Respirar profundo.

Respiraba fuerte, muy fuerte, en el borde a punto del ronquido. Ella le tapó la cara con una almohada pensando en cómo mañana se despertaba temprano. Se la puso y él la quitó, inclinándose a la derecha. Ella la puso de nuevo y trató de dormir. Su respiración fuerte le zumbaba entre los oídos, la hacía quererse ir a la sala, o al cuarto de huéspedes, pero estaba muy cansada. No podía más que ponerle la almohada encima. Él la aventaba lejos de su cara sin intención alguna, con el puro movimiento de sus brazos y su cabeza. La noche llegaba a la mitad.

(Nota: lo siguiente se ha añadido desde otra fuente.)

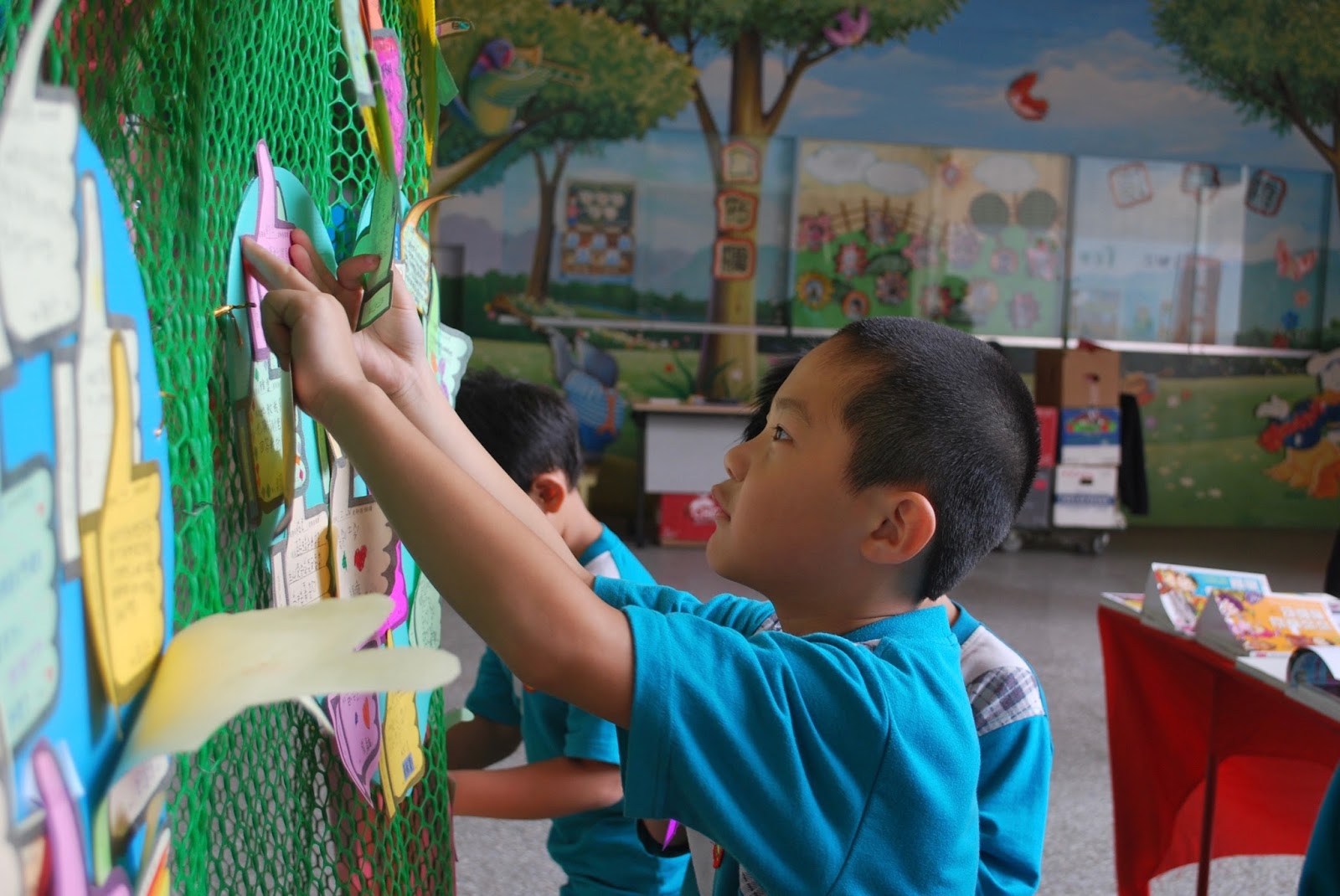 ▲中信國小學生參與「老師您最讚」,在牆上張貼寫給老師的心意卡。
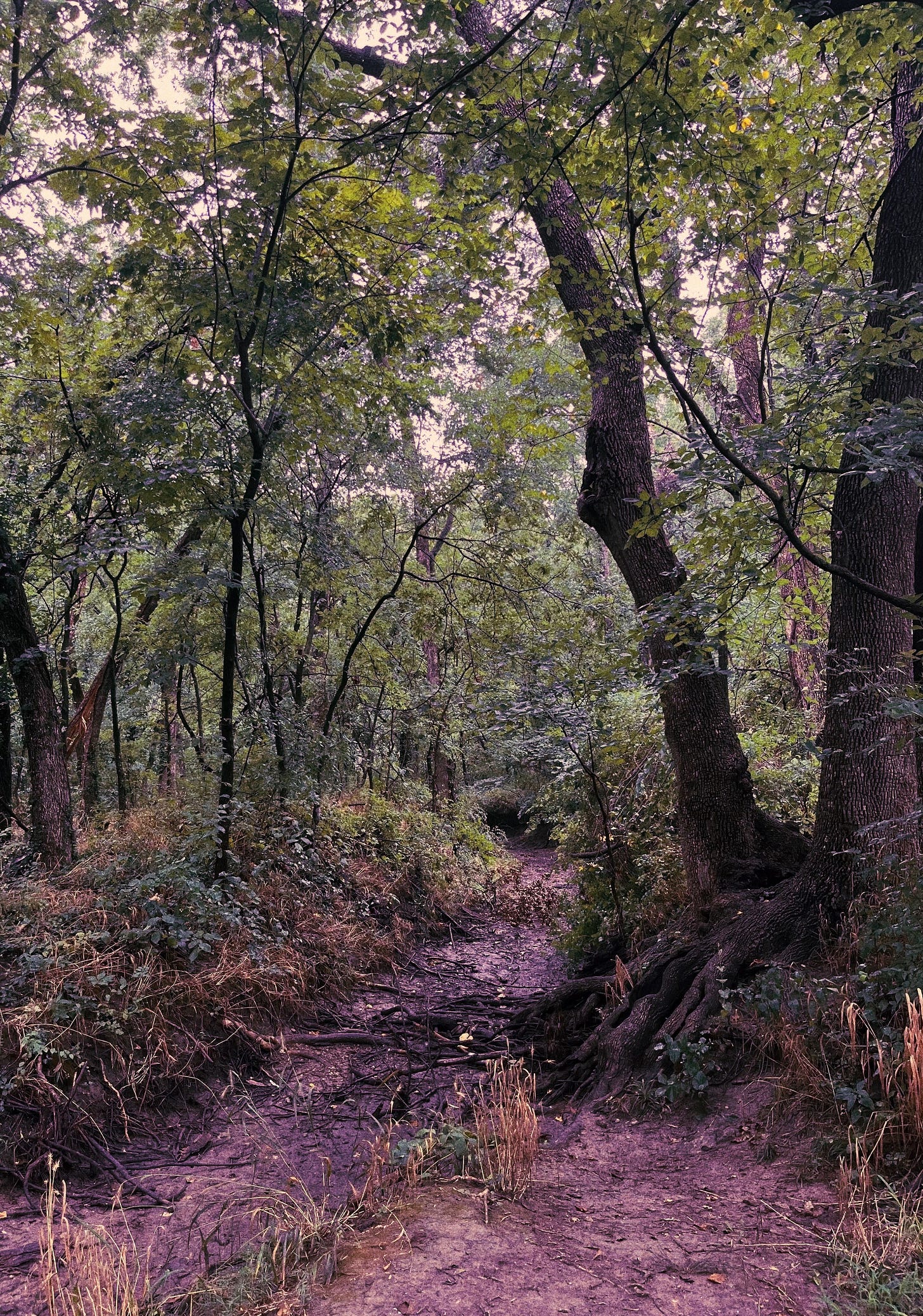 Everything is blooming around me. The air is damp, warm. Overcast skies with beams of light peeking through. Petrichor filling my nostrils with every breath. Muddy terrain under my feet. Trees glistening above from the previous soak. My limbs carry me through the forest, with no destination in sight.
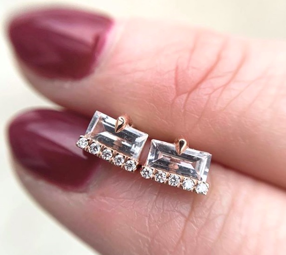 As a Canadian, I like highlighting home-grown talent. Shawna Tabacznik works in Toronto and does gorgeous fine jewellery. These earrings are made with baguette white sapphires set in 14k rose gold and accented with small diamonds. Her website is currently being updated but you can also find her at the link above on Instagram.
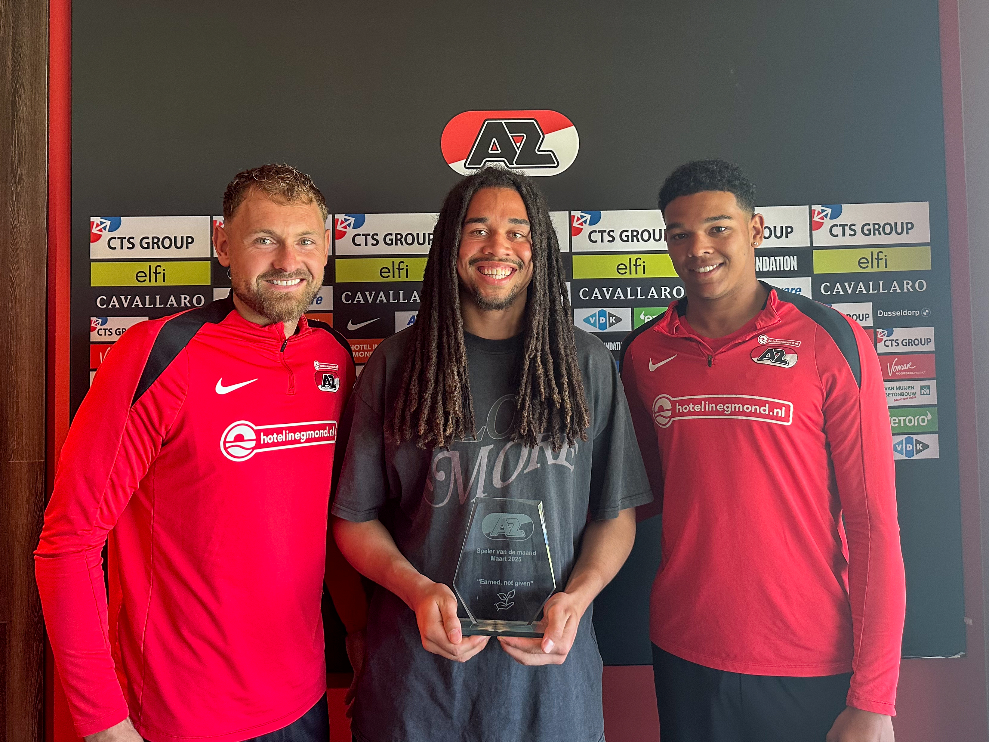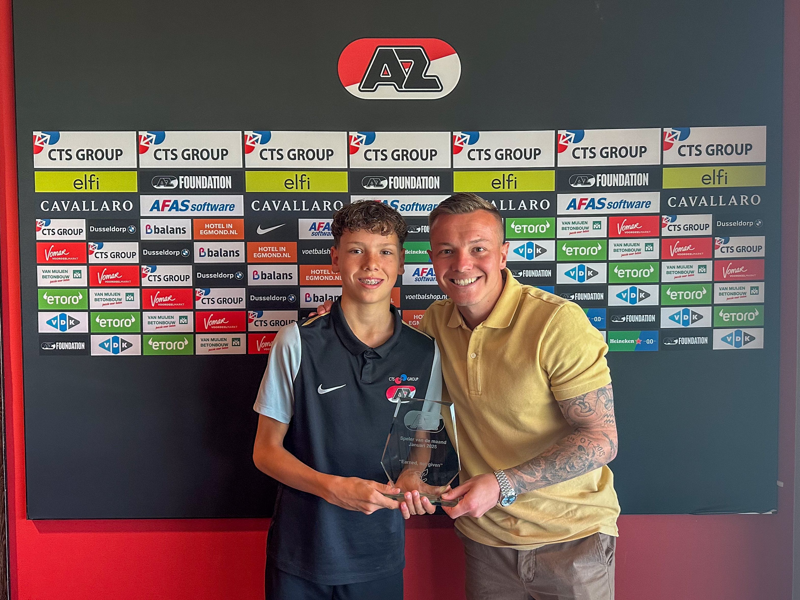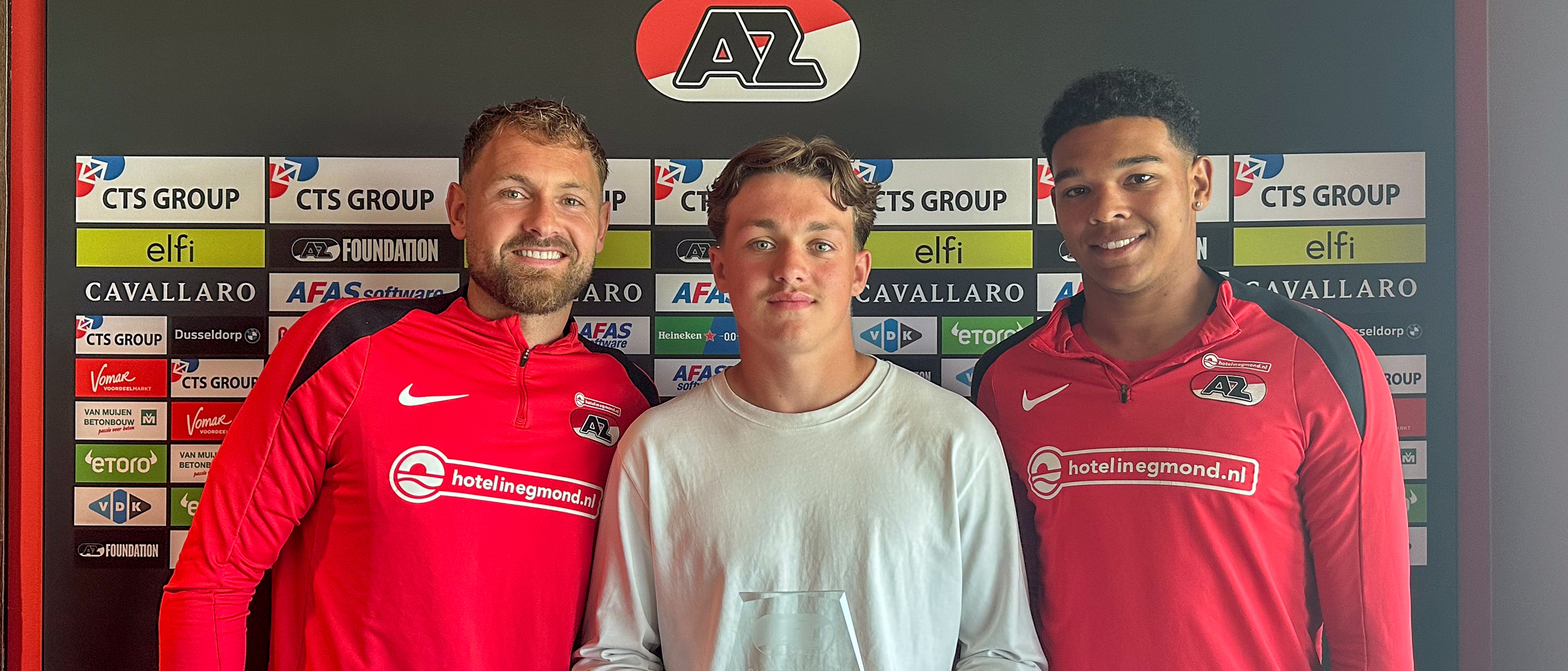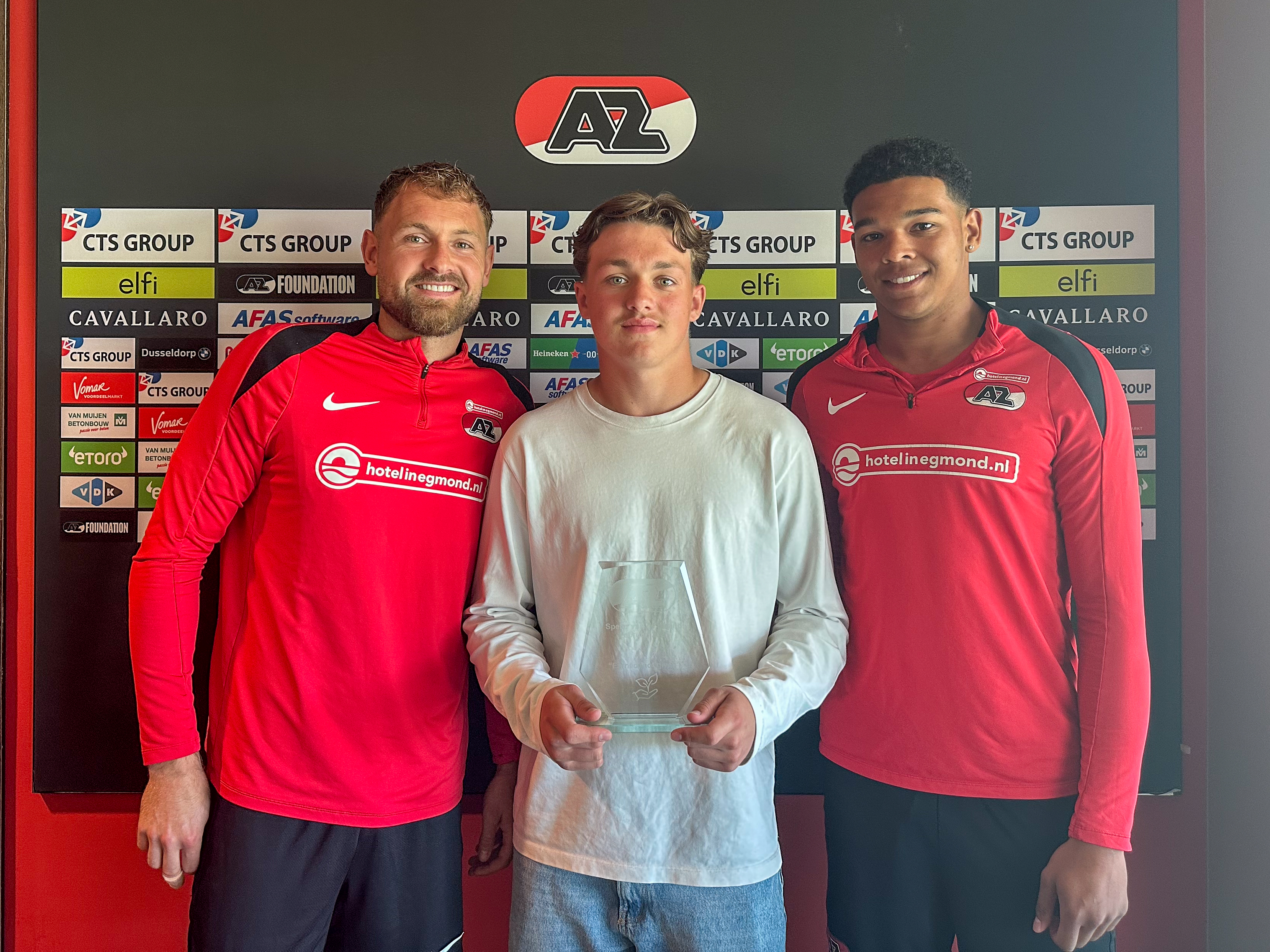 ZAANSTAD- AZ-jeugdspelers Matias Bernardos (Onder 12), Nick Homan (Onder 17) en Kiyani Zeggen (Jong AZ) zijn op het AFAS Trainingscomplex door de AZ Jeugdopleiding gehuldigd als CTS Group Speler van de Maand. De jonge AZers gingen vervolgens in gesprek met Jordy Clasie, Rome-Jayden Owusu-Oduro en Jeroen Zoet uit het eerste elftal.

Eso le significaba que apenas tenía la mitad de tiempo para dormir con el que antes contaba, y seguía con los ojos abiertos, rodeada de oscuridad. Así que una última vez y por las buenas le puso la almohada encima de su rostro. La apretó poco a poco para que él no pudiera quitársela de encima aunque se moviera. Se aseguro de posar la palma de su mano encima de la nariz y de la boca de su esposo. Y de repente, silencio. Ya no se escuchaba su respiración fuerte, ni sus ronquidos por venir, ya no se escuchaba nada. Nada, ni su corazón palpitando. Ella se acercó y trató de despertarlo, diciéndole su nombre al oído. Por favor, despierta. Pero no despertó. Ella sintió un gran alivio al saber que ya no tenía que despertarse temprano. Lo único que tenía que hacer era llamar a la oficina y decirles que hubo un accidente en su hogar. Uno muy grave, una tragedia familiar.